Print the listing in its entirety and exactly, leaving out images.

## AVAILABLE DATA
☆ ☆ ☆ ☆ ☆ ☆ ☆

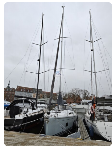
Hanse 418 EDGE 5
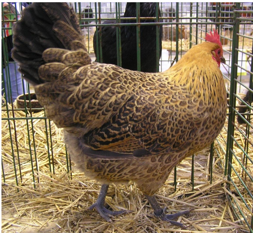
Česká slepice zlatě kropenatá oceněná 99 body v roce 2014 na CV v Lysé n.L

Česká slepice zlatě kropenatá je lehké plemeno nosného užitkového typu. Je dobře přizpůsobená tvrdším podmínkám prostředí střední Evropy. Vyznačuje se velmi živým temperamentem (přelétne i 3 metry vysoký plot), je plachá, ostražitá a nenáročná na krmění. Hmotnost kohouta je 2,3-2,8 kg, slepice 2-2,5 kg. Průměrná roční snáška vajec se pohybuje kolem 150-190 vajec. Barva vaječné skořápky je krémová. Slepice mají vyvinutý mateřský pud, jsou dobrými kvočnami.

☆ ☆ ☆ ☆ ☆ ☆ ☆

## WRITTEN SOLUTION
Hanse 418 EDGE 5
Česká slepice zlatě kropenatá oceněná 99 body v roce 2014 na CV v Lysé n.L

Česká slepice zlatě kropenatá je lehké plemeno nosného užitkového typu. Je dobře přizpůsobená tvrdším podmínkám prostředí střední Evropy. Vyznačuje se velmi živým temperamentem (přelétne i 3 metry vysoký plot), je plachá, ostražitá a nenáročná na krmění. Hmotnost kohouta je 2,3-2,8 kg, slepice 2-2,5 kg. Průměrná roční snáška vajec se pohybuje kolem 150-190 vajec. Barva vaječné skořápky je krémová. Slepice mají vyvinutý mateřský pud, jsou dobrými kvočnami.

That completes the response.